- demanding that queer actors come out of the closet before playing queer roles is monstrous
- queer celebrities have the right to make their queerness as private or as public as they choose, and neither choice is morally incorrect
- i do not want to live in a world where marginalized creators are only allowed to create art about their own marginalized identities
Focus more on out actors and creators being able to get roles and create content. Many times, they get passed off for opportunities because of their sexuality.
OP, this implies that it’s only closeted queer actors taking roles as queer characters, when in practice it’s cishets taking queer roles to show their “depth”, while queer actors don’t get to play anything besides queer if they get jobs at all….
actually, queer actors have been working in the film industry in large, virtually dominant numbers, since the dawn of the industry, rendering los angeles a rare haven for gay people from the early 20th century onward. in the post-WWII years, in fact, so many gay men moved to los angeles in search of film stardom that the los angeles police department was actually able to recruit unemployed gay actors to serve as “bait” in undercover vice squad operations and entrap other gay men. but despite the enormous numbers of queer people working in film, a number of extenuating cultural factors always required them to remain closeted.
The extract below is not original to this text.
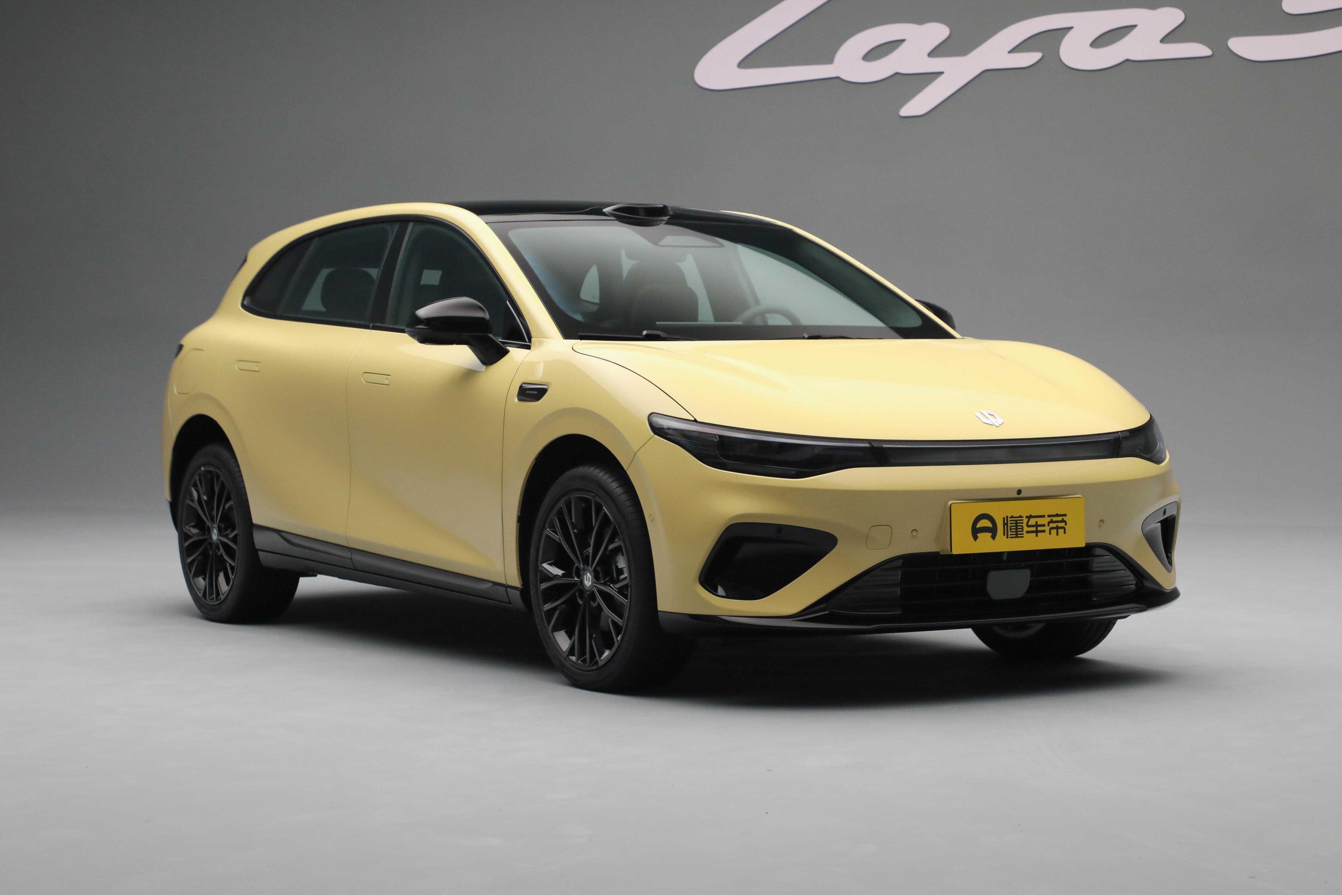 今早到 4S 店,第一眼就看到展厅中央的电掣黄实车,瞬间挪不开脚 —— 这颜色真不是图片能还原的,不是那种刺眼的亮黄,而是带着金属细闪的暖黄,阳光下看细腻又有质感,销售说用了 6 涂 6 烘工艺,我忍不住上手摸了摸,漆面顺滑厚实,没有一点颗粒感,连车门边缘的喷漆都很均匀,细节很到位。旁边看车的阿姨还问这黄色会不会不耐脏啊?销售说这漆加了抗污涂层,平时洗车随便擦两下就行,而且越看越耐看。封闭式前脸搭配贯穿式灯组,配合无边框车门、隐藏式门把手,营造出同级罕见的轿跑质感,0.256Cd超低风阻系数兼顾颜值与能效,我很喜欢这个无框车门,仪式感直接拉满,开门时玻璃会自动降 3 毫米,刚好避开门框,关门时 “咔嗒” 一声,厚重感十足,完全不像这个价位的车。19 英寸的黑色掠翼轮毂和黄色车身撞色,视觉上特别炸,轮毂盖是磁吸的,销售演示了一下,轻轻一扣就装上,以后想换样式也方便,这点太懂我们年轻人了。如果觉得这些还不够“炸街”,还可以选择Ultra版,将拥有更夸张的前后包围和后扰流板。同时,Lafa5还拥有过去车型不常见的个性化车漆,比如电擎黄、星夜蓝、摩根粉等,虽然不是亮眼的纯色,但也足够年轻用户的喜爱。

in 1934, the motion picture production code (a.k.a. the hays code) banned all onscreen depictions of homosexuality, and in the 1950s, the spread of mccarthyism to hollywood forced queer actors even further into the closet, lest they be outed as “subversives” and blacklisted. studios were well aware that they were working with gay actors, and they took great pains to protect their gay stars from being outed, often going so far as to pay off police, hire heterosexual women to accompany gay male stars to public events, and even force gay stars into staged heterosexual marriages. queer actors got plenty of jobs, so long as they remained closeted. this is why you’ve heard of katharine hepburn, james dean, marlon brando, marilyn monroe, greta garbo, and marlene dietrich, but you didn’t know they were queer.
it’s ahistorical, if not nonsensical, to argue that queer actors have been forced to choose between queer roles and unemployment. in fact, they’ve been forced to choose between closeting and unemployment. it’s only in the past five to ten years that the notion of a commercially viable and openly gay actor has become a cultural reality. the safety and sustainability of being an out gay celebrity is still by no means assured. what you are suggesting is that we now move into a climate where queer roles should only be made available to openly queer actors, which would necessitate that they make their sexualities and relationships a matter of public discussion. it is immoral to require this of gay actors. mandating that actors come out is every bit as unethical as mandating that actors stay in the closet. you are not owed personal, intimate information from any creative professional, ever, and you do not require it to enjoy their art.
the idea that casting ought to be literal is not new. people of colour have made the argument for a long time, given hollywood’s history of racial discrimination and whitewashing. what you’ve done is airlift this argument into a new context, that of queer roles and queer actors, and assume the same principle applies. it doesn’t. requiring that black roles be played by black actors harms nobody. requiring that queer roles be played by openly queer actors amounts to a systemic invasion of privacy. mickey rooney caking on yellow makeup and affecting pidgin english is an act of violence in a way that heath ledger kissing jake gyllenhaal is not. homophobia and racism have manifested in the film industry in radically different forms, and the solutions to these problems will necessarily look different.